Coordinating with Your Spouse
If you are married, you and your spouse need to decide as a team how you want to receive Social Security payments. By using survivor and spouse benefits, synchronized couples in their payment choices are likely to increase their benefits more than couples who do not.
Survivor Benefits
The survivor portion of Social Security provides retirement benefits for the spouses of deceased workers. Widows and widowers are typically eligible for reduced payments at age 60. By waiting until you reach full retirement age to start survivor benefits, you can receive higher payments every month. If you qualify for retirement benefits on your own, and your benefit is higher than your survivor benefit, you can also switch from survivor benefit to your retirement benefit at age 62.
Combining Benefits
If your living spouse is receiving benefits, you may also be able to claim spouse payments regardless of whether you qualify on your own work record. If you can receive Social Security money on your own, but your spousal payments are higher than your own retirement benefits, getting spousal benefits will allow you to combine benefits up to the higher spousal amount.
Similarly, if one of you turned 62 before January 2, 2016, you might be able to use a limited filing strategy to collect spousal payments for a few years. Then you can switch to your own benefit amount when you reach age 70 to get delayed retirement credits and a higher amount.
Receiving Benefits for a Former Spouse
If you are not currently married but were married in the past for at least 10 years, you may still be able to apply for spousal or survivor benefits. These benefits will be based on your ex-spouse’s earnings. Many divorced individuals are not aware of their payment options based on their former spouse’s earnings record. Look into all your options so you can claim in a way that benefits you more from your income at retirement.
Limiting Your Taxes
Under IRS rules, some people may have to pay federal income tax on up to 50% of their Social Security benefits.
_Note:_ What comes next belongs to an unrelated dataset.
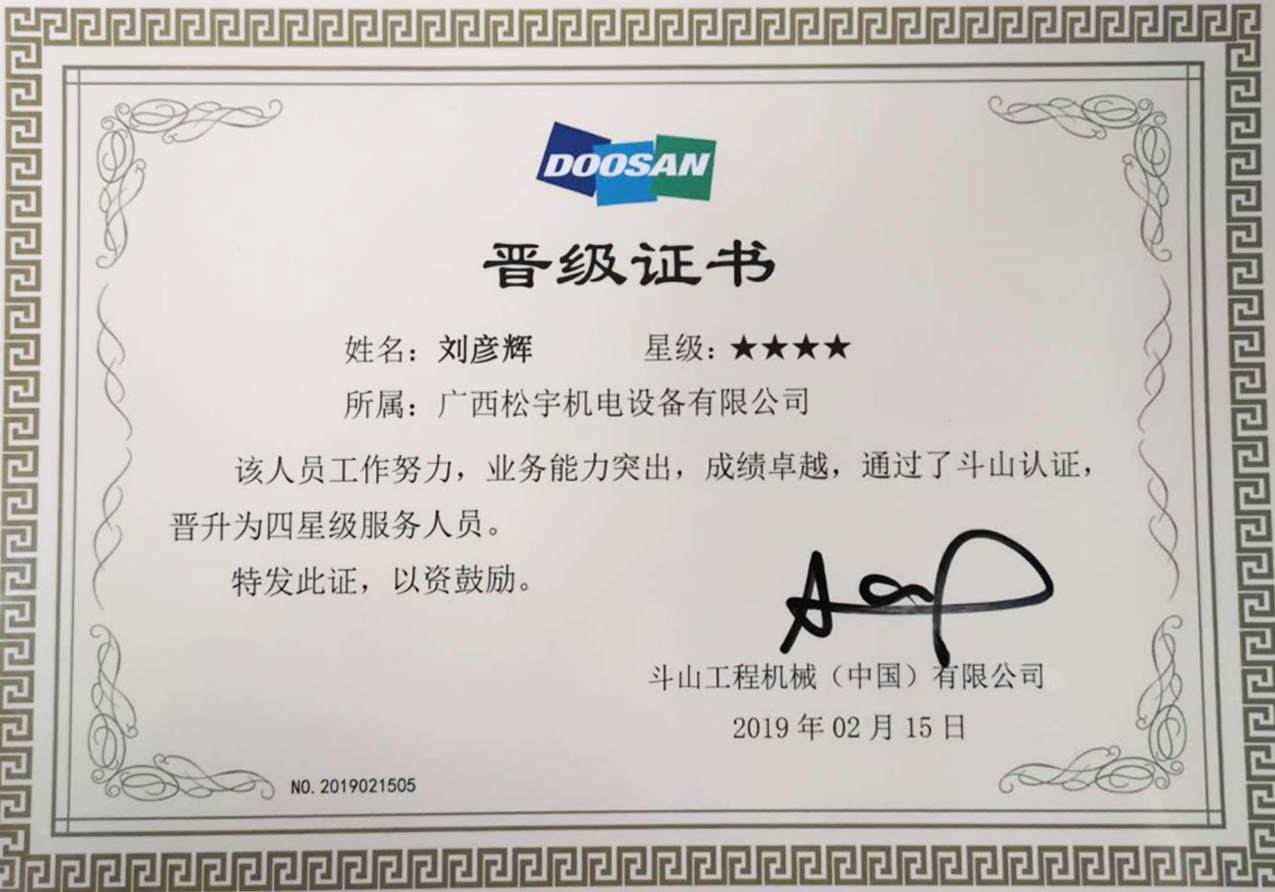 广西快易修刘彦辉获斗山厂家评定为四星级技师

They may also have to pay a tax on 85% of their Social Security payments if they are earning a substantial amount of combined income.
The IRS determines combined income by adding together non-taxable interest, half of your Social Security payments, and your adjusted gross income. If your combined income is between $25,000 and $34,000 as a single filer or between $32,000 and $44,000 as a joint filer, you will pay tax on up to 50% of your benefits. If your combined income is above the upper limit of those ranges, you will pay tax on up to 85% of your benefits.
You can spread out other income you earn over several years instead of taking it all in one year. Using this method can help you limit taxes on your payments and keep a larger portion of your Social Security income. For example, if you have a 401(k) account, do not withdraw too much from it in one year.
Calculation
Mathematics
The best way to get an approximate estimate of your future Social Security payments and see how increases may affect them is to use an online Social Security calculator. For example, the quick Social Security calculator predicts your benefit amount based on your birth date, current earnings, and the retirement date you will set. Enter some values to see how your choices might affect your payment amount.
As you approach your retirement date, include your payment amount in an income plan that incorporates your assets and other income sources. You will get a complete picture of what your financial picture will look like once you decide to retire.
The information in this article is not tax or legal advice and should not be treated as such. State and federal laws change frequently, and the information provided in this article may not reflect your state’s laws or the most current changes in the law. For current tax or legal advice, please consult a tax advisor or attorney.